Endemol India Private Limited (“Endemol India”) was commissioned to produce a television series called “Fear Factor” (based on the popular US show of the same name) and was required to shoot episodes in South Africa for which it needed local support. Endemol India entered into an agreement dated April 19, 2011 with Endemol South Africa ((Proprietary) Ltd. (the “Taxpayer”) to carry out line production services which involved providing various administrative services such as making logistic arrangements and (acting as a facilitator and coordinator for filming of the television series in South Africa on a work-for-hire basis (the “Agreement‟).
In terms of the Agreement, the Taxpayer received an amount of INR 96 million (approx.) from Endemol India for providing the aforementioned services in South Africa. These payments received by the Taxpayer outside India were subjected to withholding taxes by Endemol India. Since it was an accepted position that the Taxpayer did not have a Permanent Establishment (“PE”) in India, the Taxpayer declared no taxable income in its Indian tax returns.
However, the Assessing Officer (“AO”) took a view that the role of the Taxpayer was not that of a mere facilitator and that it had assigned copyright to, and provided managerial and technical services to Endemol India. The AO pointed to the fact that Endemol India had withheld tax on these payments to the Taxpayer to evidence tacit acceptance of the AO’s position by the parties to the Agreement. Accordingly, the AO concluded that the income earned by the Taxpayer from Endemol India was taxable in India as royalty and FTS at the rate of 10% as per Article 12 of the Treaty2 which was contested by the Taxpayer before the Dispute Resolution Panel (“DRP”). The DRP also held these payments to be taxable as royalty and FTS on the basis that the Agreement provided that the copyright in the format, recorded footage, scripts, visuals etc., produced by the Taxpayer for Endemol India would vest exclusively with Endemol India. Further, the DRP observed that as per the Agreement, the Taxpayer was obliged to assign all its copyrights (if any) conferred by the South Africa Copyright Act No. 98 of 1978, as well as all other intellectual rights that may be vested with it in future as a result of producing materials for Endemol India to the latter.

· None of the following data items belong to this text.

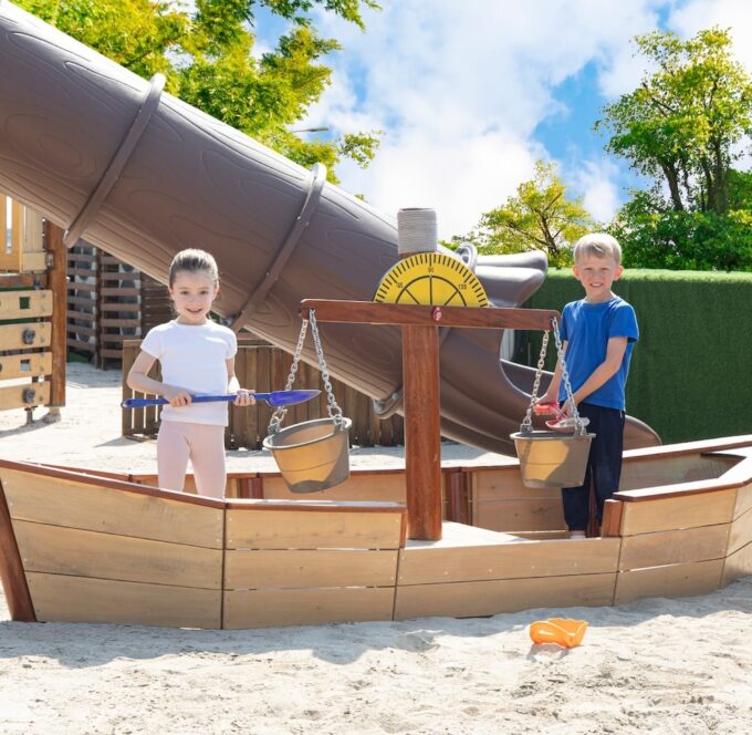 Die Sandspielanlage „Boot” begeistert mit einer Waage und zwei fest verbundenen Eimern, die den Spielspaß zusätzlich erhöhen. Ihre kleinen Kapitäne können Sand transportieren, wiegen und ihrer Fantasie freien Lauf lassen. Ob beim Bau von Sandburgen oder beim Anlegen von Anlegestellen, die Kinder lernen nicht nur spielerisch den Umgang mit Sand, sondern fördern auch ihre motorischen Fähigkeiten.
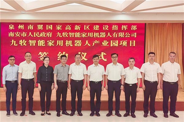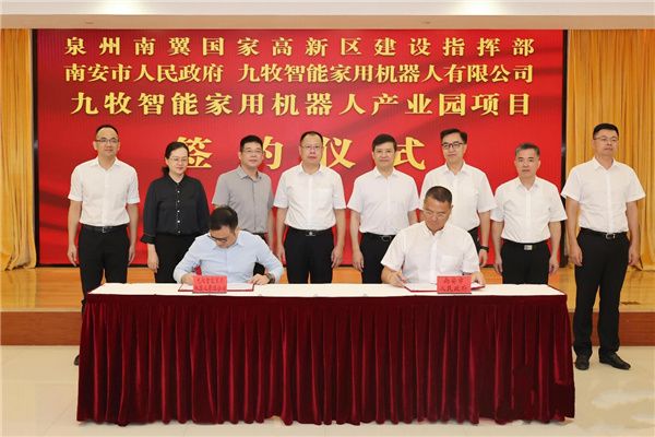 9月28日,九牧智能家用机器人产业园项目正式签约落地泉州南翼国家高新区。泉州市委书记张毅恭,市人大常委会主任、南翼国家高新区建设指挥部指挥长李建辉,市委常委、秘书长周小华,副市长汪志红,九牧集团党委书记、董事长林孝发,副董事长林四南,执行总裁林友色,运营总裁林晓伟等出席此次签约活动。
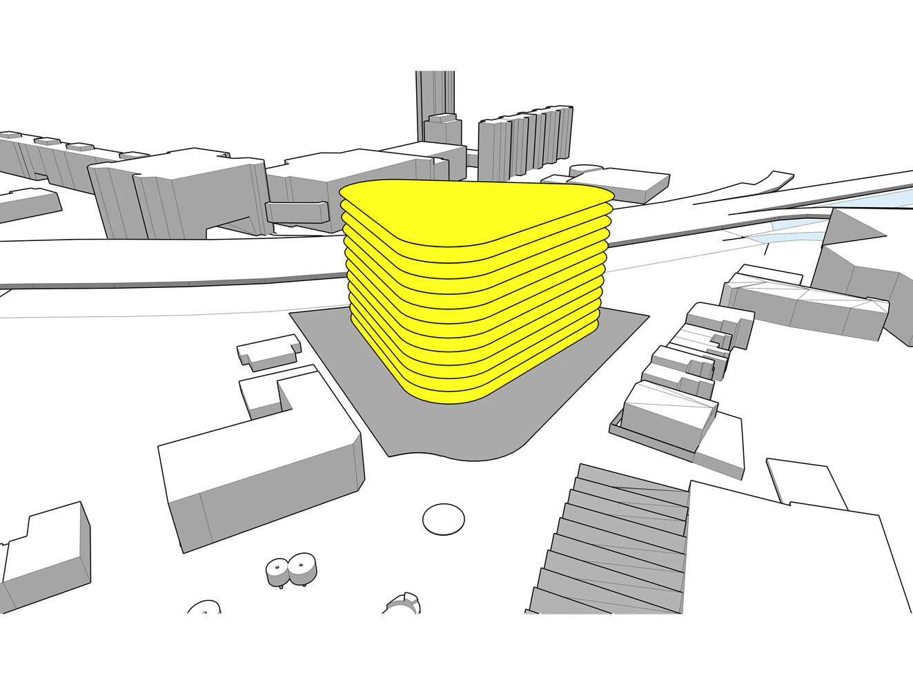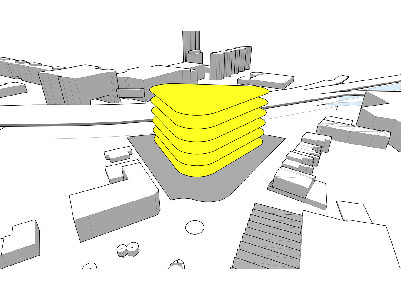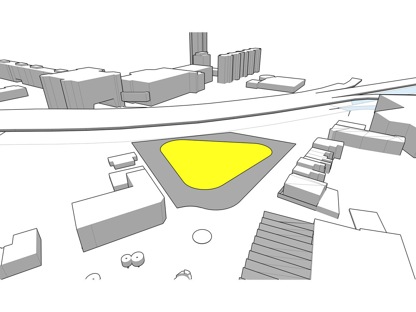 The factory has long since been demolished and during the 1980s and 90s, the site was home to a nightclub (which has also now been demolished). The photograph shows a public WC located on the roundabout adjacent to the site relating to the public house on the corner of Raglan Street and Alma Street. There is precedence in the area of rounded edges to buildings in corner plots, which has been referenced in the ‘fluid’ form of the proposed car park.
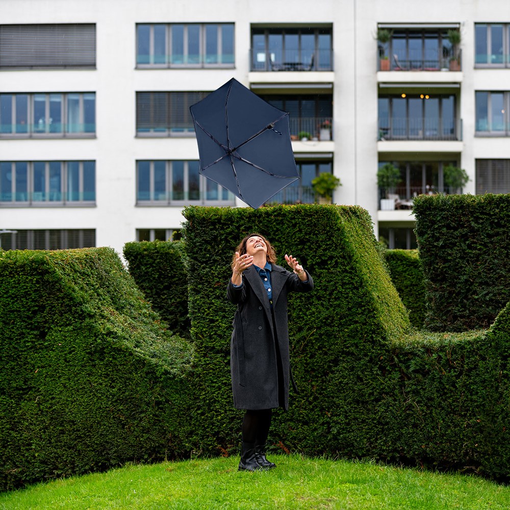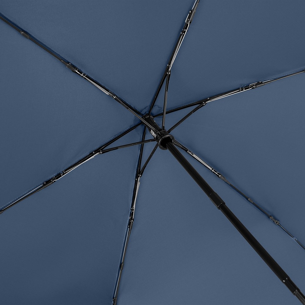 Filigraner Doppelautomatik-Taschenschirm in superleichter Ausführung Komfortable Automatik-Funktion zum schnellen Öffnen und Schließen, hochwertiges Windproof-PLUS-System für eine maximale Gestell-Flexibilität bei stärkeren Windböen, schwarzer Aluminiumstock, wassersparend gefärbtes Polyester-Pongee waterSAVE® Bezugsmaterial aus recycelten Kunststoffen, mit waterSAVE®-Label auf dem Schließband, matt-schwarzer Kunststoff-Softfeel-Griff mit Auslösetaste und Werbeanbringungsmöglichkeit, handtaschentauglich durch superleichtes Gewicht und kompakte Größe
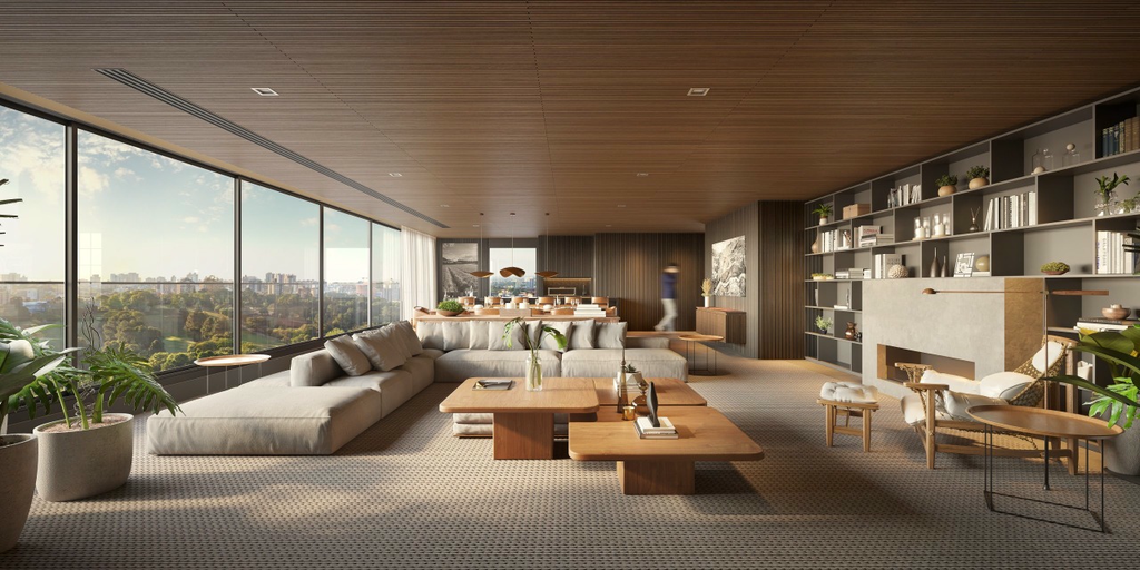 Possui 3 suítes, sendo a master com sacada e closet, living amplo com lareira e janelas do piso ao teto, churrasqueira integrada, ampla sacada, cozinha, lavabo, depósito exclusivo e 4 vagas de garagem.
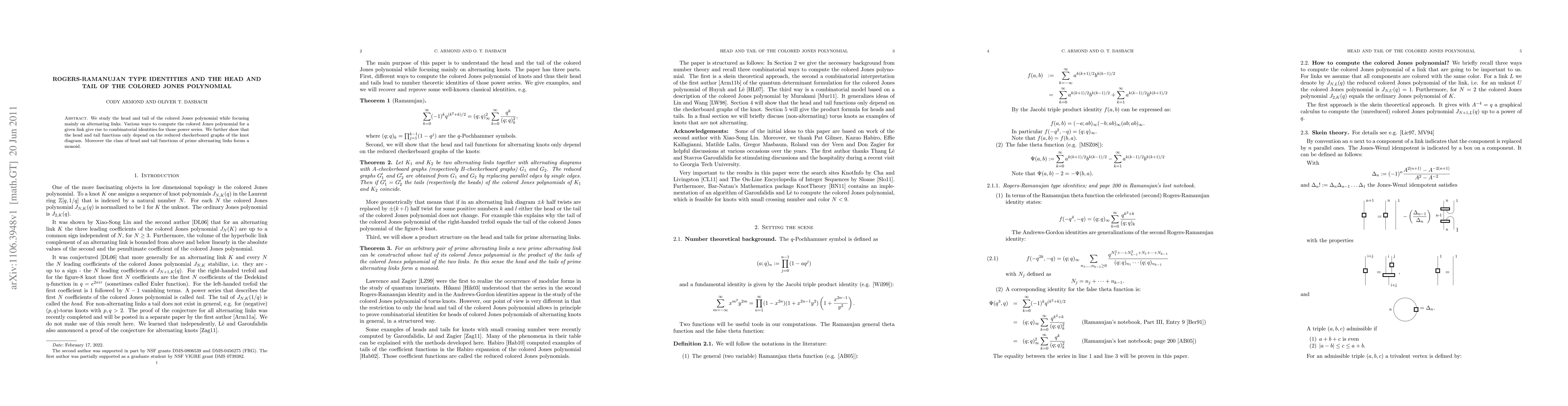 We study the head and tail of the colored Jones polynomial while focusing mainly on alternating links. Various ways to compute the colored Jones polynomial for a given link give rise to combinatorial identities for those power series. We further show that the head and tail functions only depend on the reduced checkerboard graphs of the knot diagram. Moreover the class of head and tail functions of prime alternating links forms a monoid.
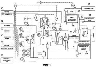 1 – емкость для приготовления реакционного растворителя, 1A – емкость А для приготовления реакционного растворителя, 1B – емкость В для приготовления реакционного растворителя, 2 – реактор окисления, 3 – конденсатор/холодильник, 3А – конденсатор/холодильник (парогенератор: первая стадия), 3B – конденсатор/холодильник (часть с водяным охлаждением: вторая стадия), 4 – газожидкостный сепаратор, 5 – абсорбер газа высокого давления, 6 – кристаллизатор, 7 – сепаратор типа “твердая фаза-жидкость”, 8 – сушилка, 9 – сборник продукта, 10 – резервуар для маточного раствора, 11 – резервуар для промывной (отработанной) жидкости, 12 – ректификационная колонна дегидратации, 13 – выпарная установка маточного раствора, 21 – свежая/регенерированная уксусная кислота, 22 – п-ксилол, 23 – металлический катализатор, 24 – соединение брома, 25 – свежая/регенерированная уксусная кислота, 26 – регенерированная уксусная кислота, 31 – отходящий газ, 32 – вода, 33 – свежая/регенерированная уксусная кислота, 34 – отработанная вода, 35 – осадок, 36 – регенерированная уксусная кислота, 37 – свежая/регенерированная уксусная кислота, 40 – продукт, терефталевая кислота, от А0 до A4, A1A, A1B – анализатор или позиция проведения анализа, от FC1 до FC10, FC1B, FC2A, FC3A, FC3B, FC4A, FC4B – регулятор потока, PIC1 – регулятор давления, TI – индикатор температуры, LIC1 и LIC2 – индикатор/регулятор уровня жидкости, FFC1 и FFC2 – задатчик соотношения потоков, TPC1 – регулятор температура-давление, AFC0, AFC1, AFC3, AFC1A, AFC1B – анализатор/задатчик потока.
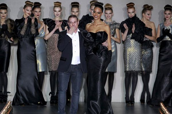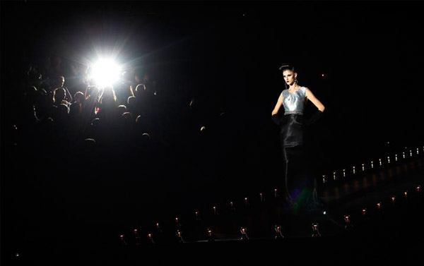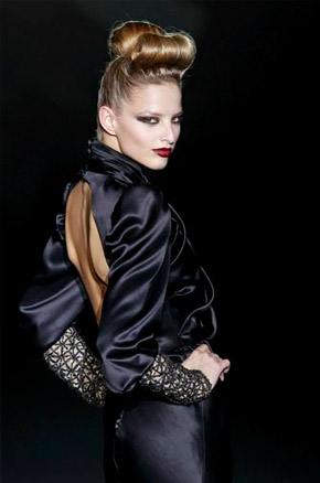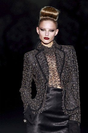 Sí, este fin de semana hemos estado en la CMFSW invitados por el diseñador Hannibal Laguna. Asistimos a su desfile y a la presentación de la nueva colección HIT para Otoño-Invierno 2011-2012. Hannibal ha sido fiel a su estilo y su propuesta para la próxima temporada tiene como protagonista el negro. La colección es elegante, sofisticada y glamourosa, con propuestas en nude y en plata brillante pero dejando paso abierto al negro, combinado en ocasiones con apliques y detalles dorados y plateados. Modelos pensados para estar siempre de fiesta, tipo cocktail y también largos, asimétricos, de corte sirena y faldas lápiz, con mezcla de tejidos, leves plisados, bordados y redes de seda, chalecos de pelo en tonos oscuros y zapatos de difícil cuña en terciopelo negro. Impresionante el pase-actuación final de Godeliv, su musa modelo, con un diseño inspirado en el pez manta raya, toda una demostración de clase, estilo y glamour bajo la eterna imagen de la Torre Eiffel iluminada como fondo de pasarela. Un viaje imaginario por el femenino y rotundo hit style de la firma.

Aggrieved by the order of the DRP, the Taxpayer preferred an appeal against the same before the Tribunal.
Whether the revenue earned by the Taxpayer from Endemol India should be taxed in India as income in the nature of “royalty” or “FTS”?
The Tribunal went through various clauses of the Agreement to conclude that the same was a contract for providing services, and not for granting a right in any copyright. The Tribunal also observed that the entire consideration that was paid to the Taxpayer under the Agreement was in respect of the provision of the line production services and not towards any licensing rights in any work.
It was pointed out by the Taxpayer that under Section 17 of the Copyright Act, 1957 as well as the provisions of South Africa Copyright Act No. 98 of 1978, where a work is specifically commissioned under a contract of service by a person, then such person is the first owner of the copyright in that work. Thus, the Tribunal after perusing these legal provisions, held that when Endemol India was anyway the first owner of the copyright in the cinematograph work as per the operation of law, there could be no question of the Taxpayer assigning the same in favour of Endemol India.
The Tribunal considered the definition of the term “royalty” under Article 12(3) of the Treaty,3 to find that it only includes consideration received for the use of or right to use, any copyright, and thus, even if the observations of the AO and the DRP that the consideration received by the Taxpayer was for transfer of the copyright to Endemol India were accepted, this would also fall outside the scope of the term “royalty” for the purposes of the Treaty.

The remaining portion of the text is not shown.